L’Arche gère 154 communautés dans 38 pays, dont des maisons à Washington, D.C., et Portland, Oregon.
Selon le rapport, il n’y a aucune preuve que les croyances et les pratiques du groupe se soient répandues au-delà d’un cercle limité de quelques personnes ni que les abus aient proliféré au sein de L’Arche. Les comportements abusifs de Vanier, cependant, se sont produits au-delà du noyau de la secte en France, dans d’autres pays et communautés. Les chercheurs notent que d’autres victimes pourraient se manifester.
Le rapport n’indique pas clairement combien de personnes faisaient partie du groupe d’abuseurs.
Toutes les victimes de Philippe et de Vanier, qu’elles vivent en France ou à l’étranger, ont la possibilité, si elles le souhaitent, de s’engager dans un processus de justice réparatrice, a déclaré Tina Bovermann, responsable nationale de L’Arche USA.
Le rapport « m’a donné une conscience plus profonde de ce qui s’est passé, et je suis très consciente des expériences de ces femmes et du caractère insidieux de l’abus spirituel, psychologique et sexuel qu’elles ont subi », a déclaré Bovermann à NCR. « Le mélange de tout cela est lourd ».
Les femmes ont dit aux médiateurs et aux enquêteurs qu’elles étaient reconnaissantes de la façon dont L’Arche a géré les enquêtes et qu’elles espéraient que le processus leur permettrait de tourner la page, selon Bovermann. « Notre espoir est que nous fassions ce qu’il faut pour ces femmes », a-t-elle déclaré.
Parmi les 25 victimes, on compte des femmes mariées, des célibataires et des religieuses ; au moins une femme est originaire des États-Unis, bien que toutes les accusations d’abus étudiées par la commission se soient produites en France. Les abus connus de Vanier se sont déroulés de 1952 jusqu’à juste avant sa mort en 2019.
Les membres de la commission – un sociologue, un théologien, un psychiatre et un psychanalyste, et deux historiens – ont étudié des milliers de lettres, dont celles que Philippe et Vanier ont échangées et près de 100 lettres que Vanier a envoyées à des religieuses. Ils ont également mené plus de 100 entretiens.
Des documents ont été obtenus auprès du Dicastère pour la Doctrine de la Foi et des archives dominicaines à Rome, ainsi qu’auprès des Dominicains français, d’une bibliothèque d’Ottawa et de la famille Vanier au Canada.
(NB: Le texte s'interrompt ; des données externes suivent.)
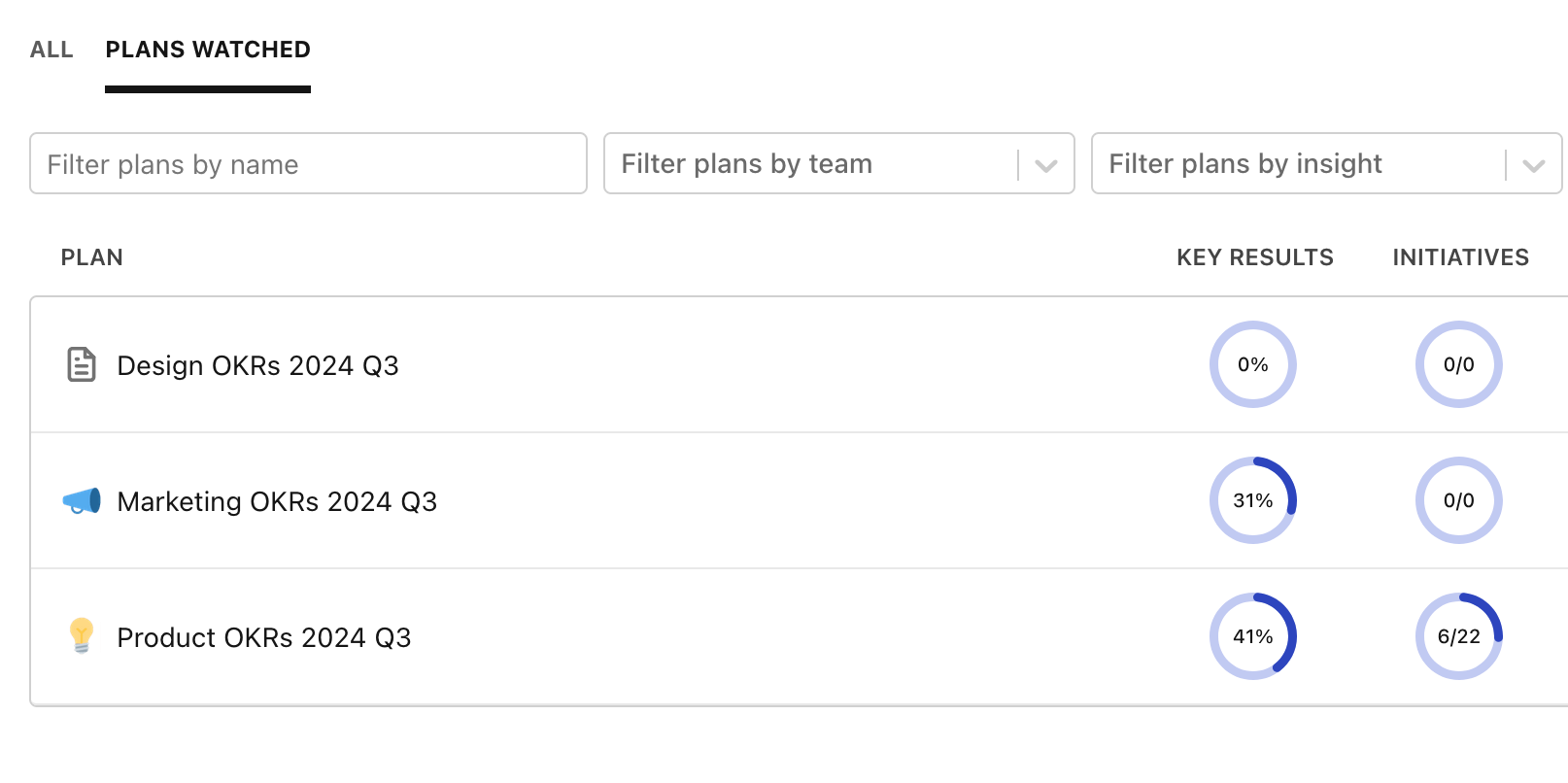 In most companies, people have a handful of team goals that they care about. The selection might be different for each person, but it's unlikely that you need to see everything, everywhere, at once.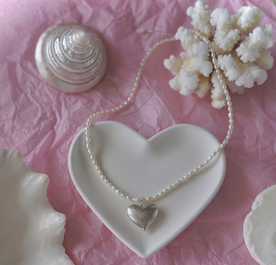 Corazón de plata de tamaño mediano acentuado por perlas medianas, acompañado de una extensión de perla, que mide 36 cm.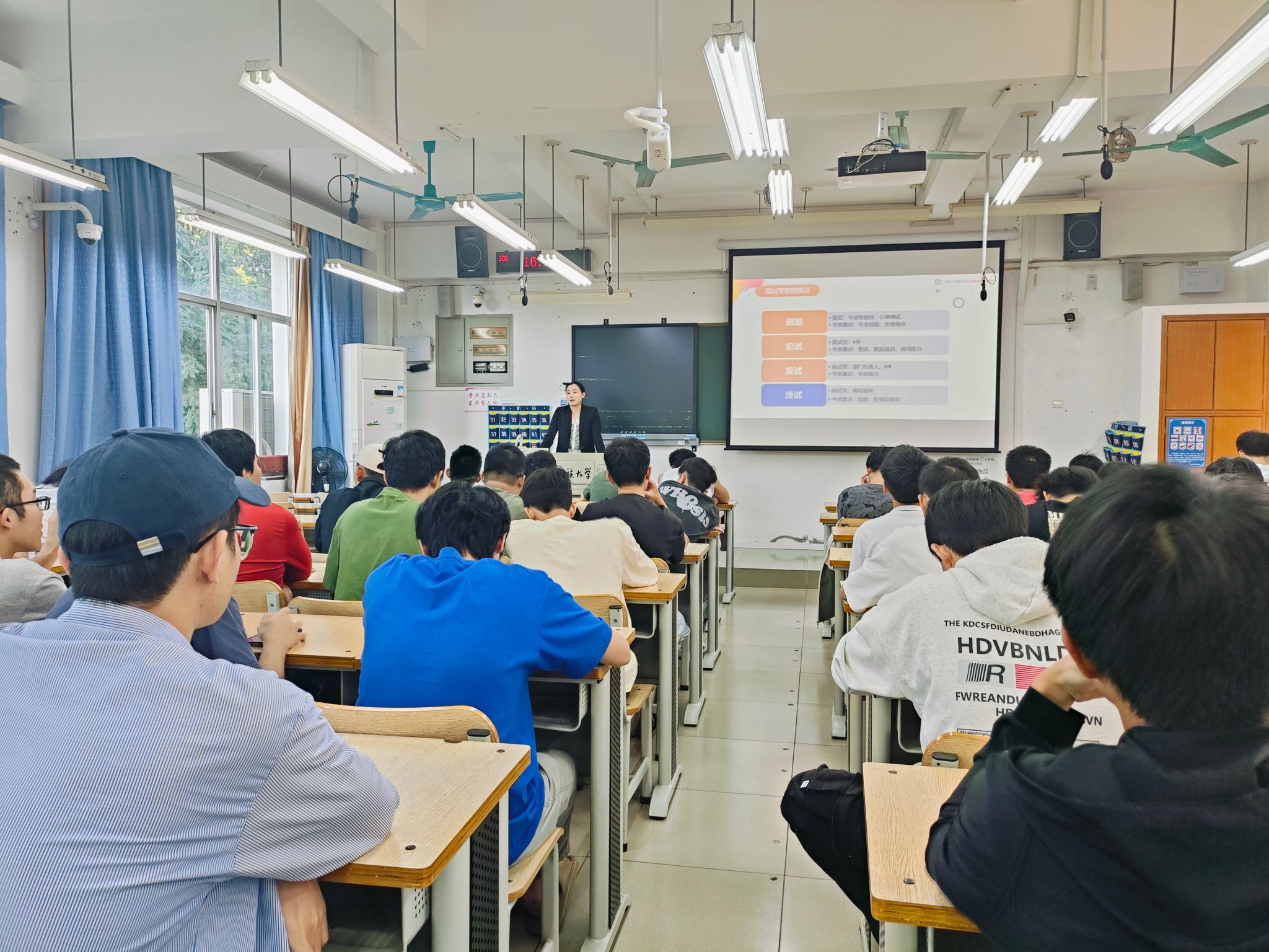 11月21日下午,公司于学友楼306室举办就业面试指导与能力提升专题讲座,讲座由广西壮族自治区就业指导中心蒋敏老师主讲,公司各班级代表到场学习。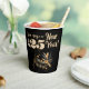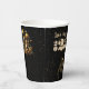 Glamour Party Papier Tassen zum Feiern von Ende und Anfang des Jahres, auf einem schwarzen Hintergrund, mit Gold und schwarzen Details, leicht anpassbar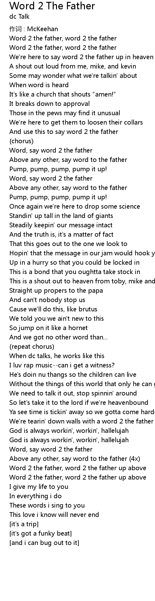 | Word 2 the father, word 2 the father up above | |
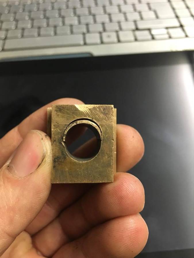 Then, upon inspection,..... we noticed some horrible crimes committed on the axle boxes! The rear axle had simply been running in the ash pan. The axle boxes also, for the rear axle being entirely exposed to the ash. Consequently they had been grinding themselves away for some time, and were now more oval than a rugby ball in a Cricket stadium! Then, on top of that, at some point someone has attempted a solution by popping in a crescent moon shim,.... which they held in place by shoving a bit of copper wire in through the oil hole!! The upshot was that we decided to make both new Axle boxes and new axles,.... the rear of which is now going to run in a sealed cannon box to stop any future ash ingress into the box. The new ones are cast iron, machined from solid cast bar.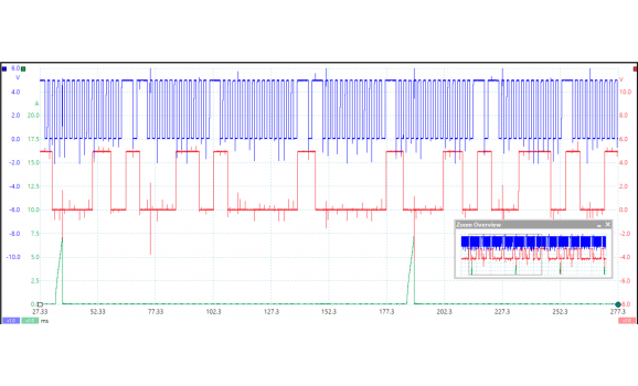 На рис. 3 показана осциллограмма датчика распредвала двигателя при прокручивании коленчатого вала. Этот сигнал можно загрузить и использовать для правильной настройки лабораторного объема или в качестве эталонного сигнала.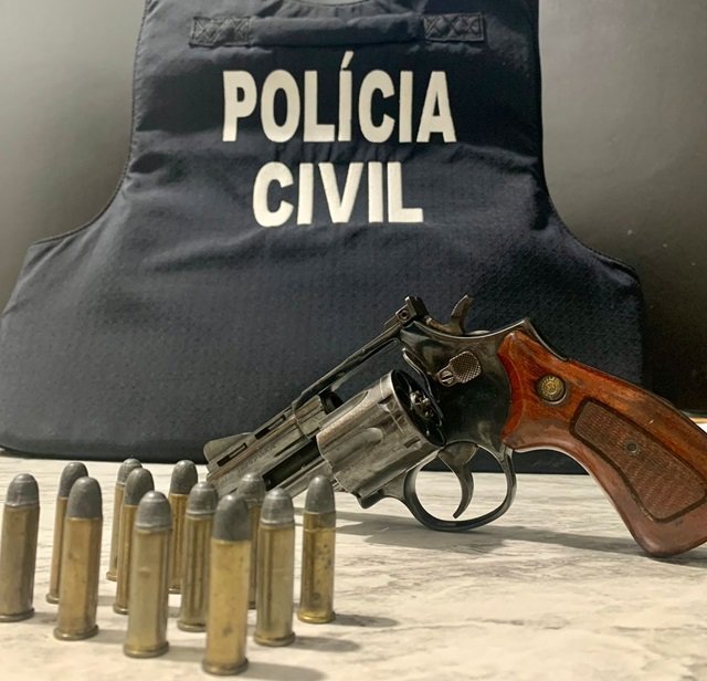 Na residência, foi encontrada um revólver Taurus .38 e 12 munições do mesmo calibre, os quais pertenciam ao autor N.L.N., de 79 anos, sendo esse preso por posse de arma de fogo de uso permitido.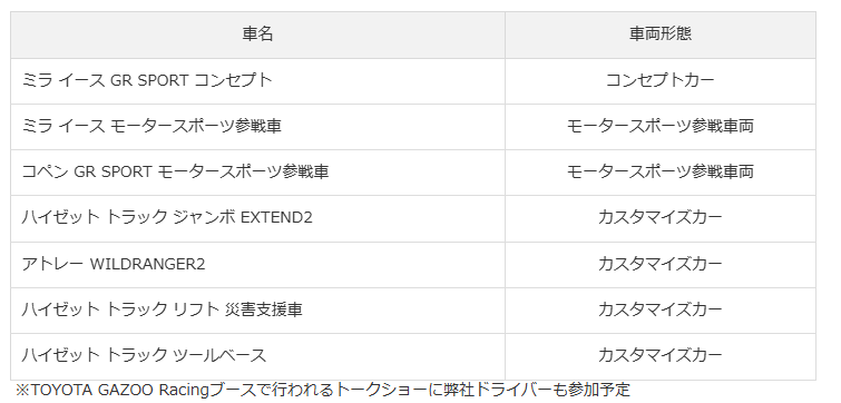 地域貢献では、災害支援を通じて得た知見をもとに、必要な電源やオリジナル防災セット等を搭載した「アトレー WILDRANGER2」や九州北部豪雨災害支援でボランティア サテライトセンターとして活躍した「ハイゼット トラック リフト 災害支援車」、工事現場の作業環境を改善する「ハイゼット トラック ツールベース」を出展する。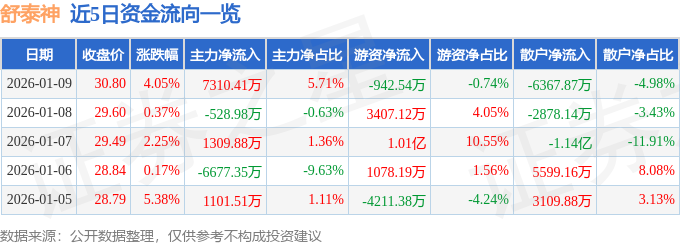 1月9日的资金流向数据方面,主力资金净流入7310.41万元,占总成交额5.71%,游资资金净流出942.54万元,占总成交额0.74%,散户资金净流出6367.87万元,占总成交额4.98%。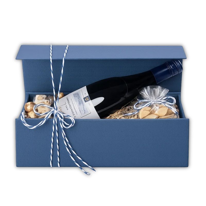 Ręcznie kaszerowany kuferek kryjący francuskie, czerwone wino wytrawne Les Petits Secrects Ropiteau Pinot Noir oraz asortyment przekąsek: naturalne chipsy bananowe, świąteczne ciasteczka w woreczku, bombki z mlecznej czekolady, belgijskie nugaty z miodem i migdałami.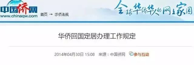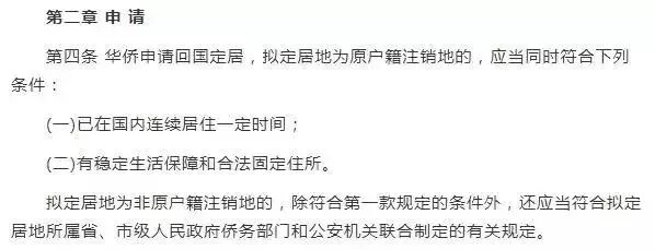 根据《国务院侨务办公室 公安部 外交部关于印发<华侨回国定居办理工作规定>的通知》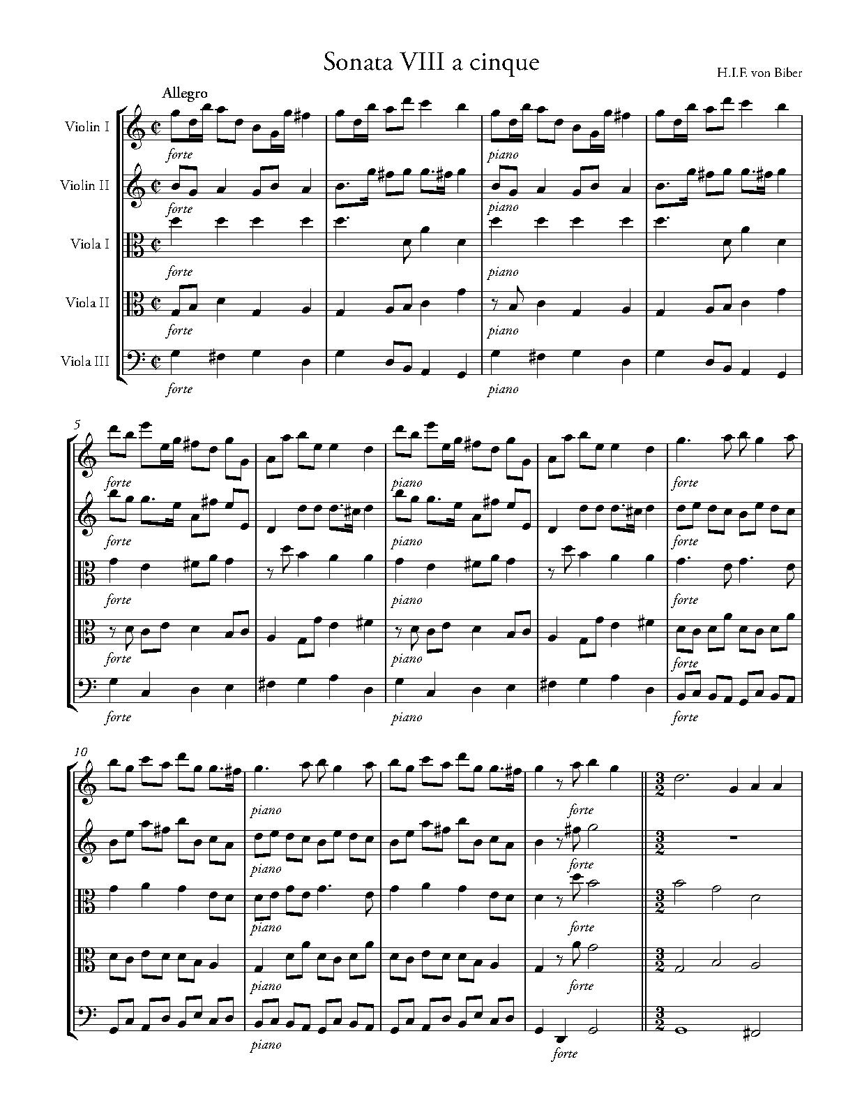 - C 119, Sonata VI a cinque in F, 2 violins, 2 violas, violone and basso continuo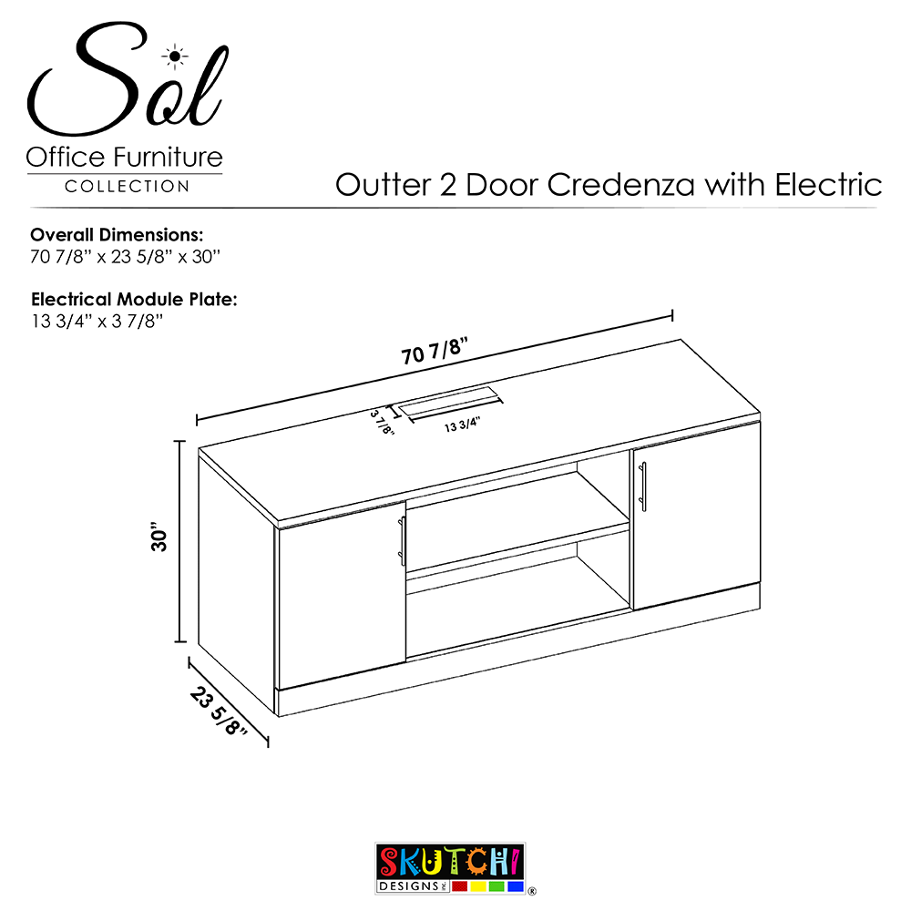 Office Credenza with Double Doors | Fully Assembled | Sol Collection | 24″Dx70″Wx30″H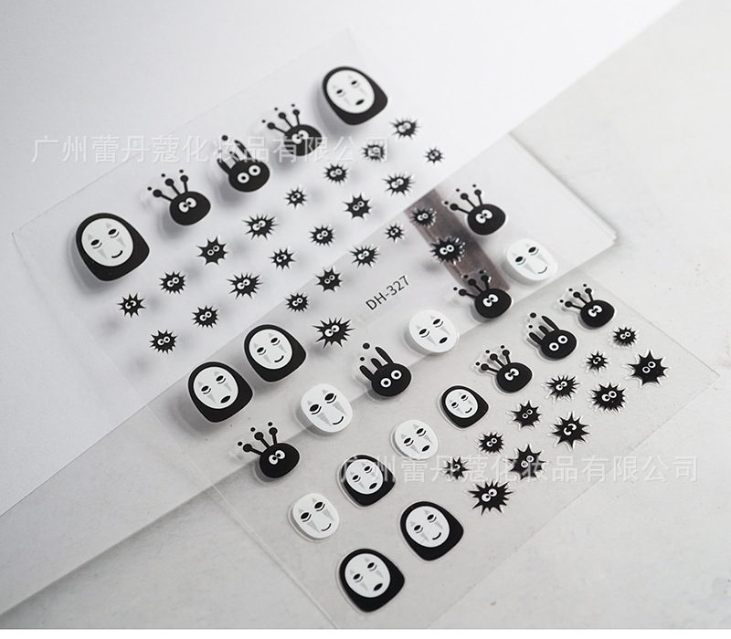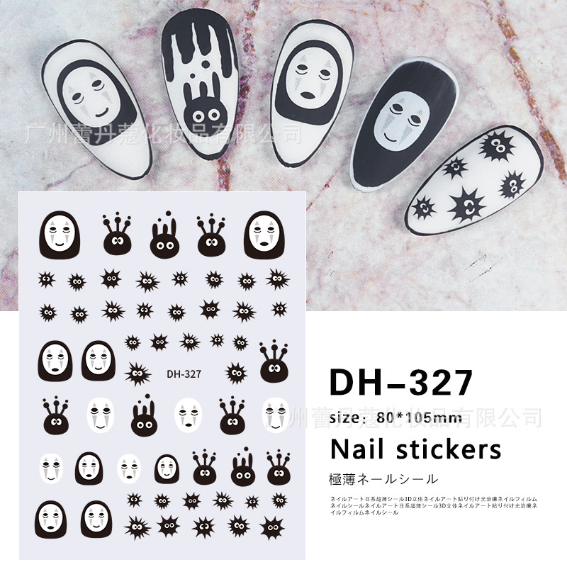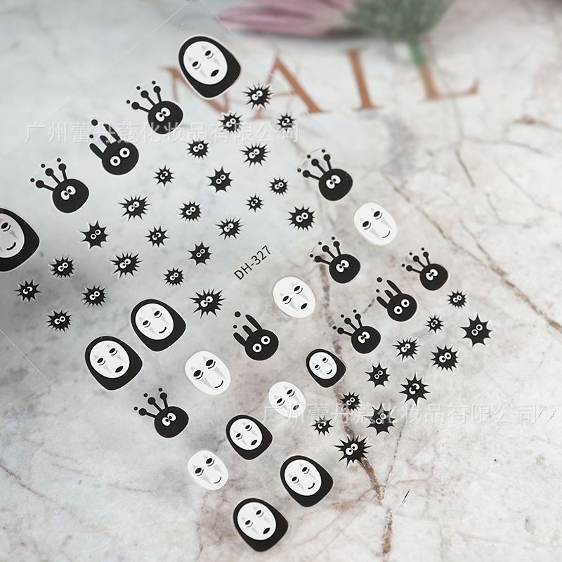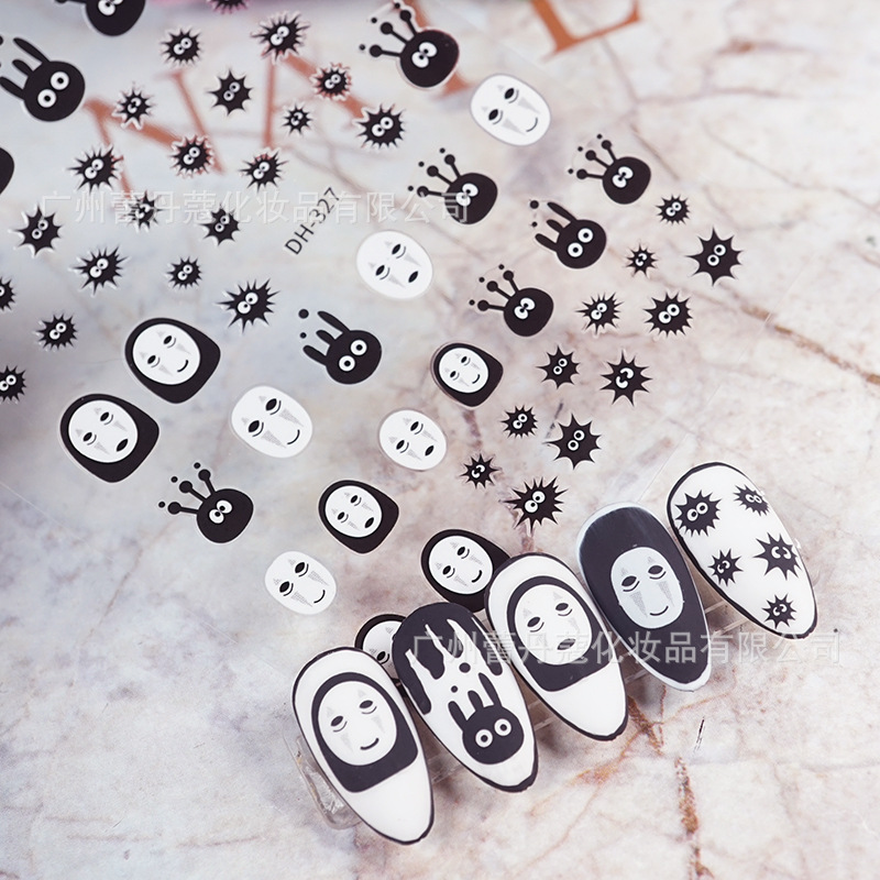 폭발적인 네일 아트 스티커 얇은 흑백 모든 성도 디아블로 스타일 얼굴없는 남성 만화 애니메이션 네일 DIY 데칼스토어 가기

Vanier est né à Genève, en Suisse, mais était citoyen canadien.
Grâce à la correspondance de Philippe et Vanier, à l’accès aux archives et aux « témoignages précis et courageux des victimes », écrivent les enquêteurs dans le rapport, « nous avons pu analyser de l’intérieur les mécanismes déployés par les deux hommes : influence, abus sexuels, délire collectif, corruption théologique de notions au cœur du christianisme, déviation spirituelle, manipulation, représentations incestueuses des relations entre Jésus et Marie. »
Les chercheurs ont suivi la vie de Philippe et de Vanier de 1950 à 2019, examinant les évolutions du noyau sectaire qui a pu se développer et persister pendant plus de 50 ans.
En 1946, Philippe, qui est devenu le père spirituel de Vanier, a fondé L’Eau Vive en tant que centre de formation international en France. L’emplacement a lié la secte. Après avoir quitté la Royal Navy, Vanier, alors âgé d’une vingtaine d’années, y a rejoint Philippe.
Cette période « sert de moment d’initiation, de découverte, dans une grande confusion du sexuel, de l’émotionnel et du spirituel », selon le rapport. « Les croyances et l’influence de T. Philippe lui donnent soudain accès au monde. L’expérience vécue durant cette période vient constituer à ses yeux, la base intime, l’axe directeur de sa vie. »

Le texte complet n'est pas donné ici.